I implemented your "plan" last November and it's working out great.


----------



## samsauce29 (Nov 30, 2007)

dlfl said:


> I'd advise you to take those TA's off the shelf, turn them in and be sure to get a receipt. You are on the hook for over $100 each when you eventually end your cable service. And there have been several reports of people getting charged for them even after they turned them in.
> 
> I implemented your "plan" last November and it's working out great.
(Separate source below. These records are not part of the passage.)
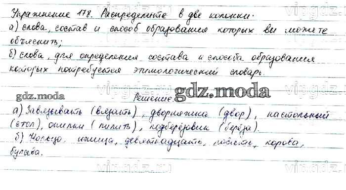 ОТВЕТ на задание № 178 Учебник по Русскому языку 6 класс Баранов
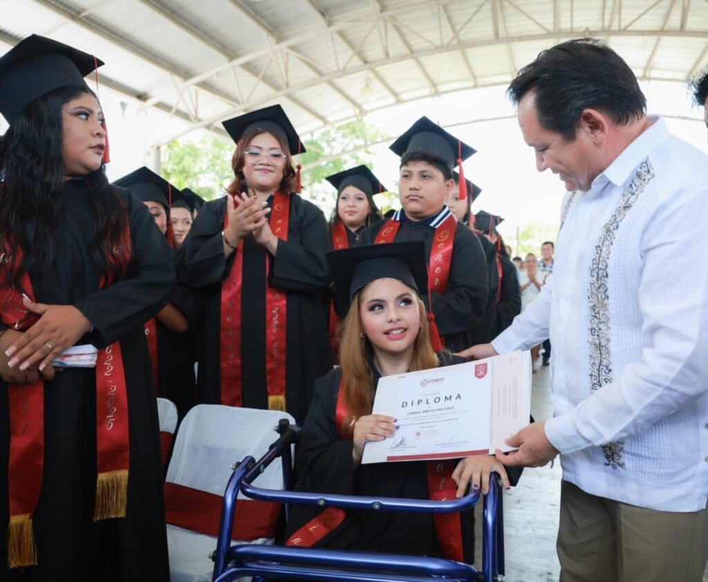 Durante el evento, en el que se entregaron certificados y diplomas a 95 jóvenes egresados, el mandatario estatal recordó que esta beca estatal está dirigida a estudiantes que no resultaron beneficiados por la convocatoria federal, por lo que su administración implementó este apoyo adicional, que se entregará mediante la tarjeta Felipe Carrillo Puerto.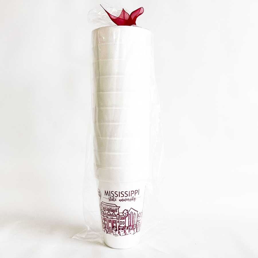 Our 16 ounce foam cup packs are pre-printed with the Starkvile skyline shown and are available in 10 count sleeves. Each sleeve is tied with coordinating maroon ribbon, so they are all ready to give as a gift or take to your football tailgate or Bulldog graduation party. This foam cup is our most popular size and can be served across a variety of drinks including beer, mixed drinks or any drink needing ice.

I'm currently still using (and paying for) the cable cards, but you make a good point. Will turn the tuning adapters in next time I'm by the office.


----------



## dlfl (Jul 6, 2006)

samsauce29 said:


> I'm currently still using (and paying for) the cable cards, but you make a good point. Will turn the tuning adapters in next time I'm by the office.


Just a possibly helpful tip: 
Apparently you can turn in Spectrum equipment at a UPS store. They give you a receipt with serial numbers and ship it back to Spectrum at no expense to you. This is what I did after wasting an hour waiting to be served in my closest (25 minute drive) Spectrum store. I made the mistake of just walking into the store without scheduling an appointment on line. Finally a Spectrum associate, in response to my question, filled me in on the UPS deal. The UPS store was almost next door to the Spectrum store and my turn-in was completed in about five minutes. I don't know if this is available all over the country.

(Obviously) the Spectrum store was crowded with customers, thus the long wait time. One customer lost it and started yelling at the Spectrum staff before stalking out. I think many of us silently sympathized with his frustration. This kind of crap, plus many other things, illustrates why many people will cut the cable just to get away from such treatment, even if the cost savings is small.


----------



## samsauce29 (Nov 30, 2007)

Oh man. Yeah I've been there... During some recent price change, my store looked quite the same!

Thanks for the tip. Will try that approach if the store looks busy.


----------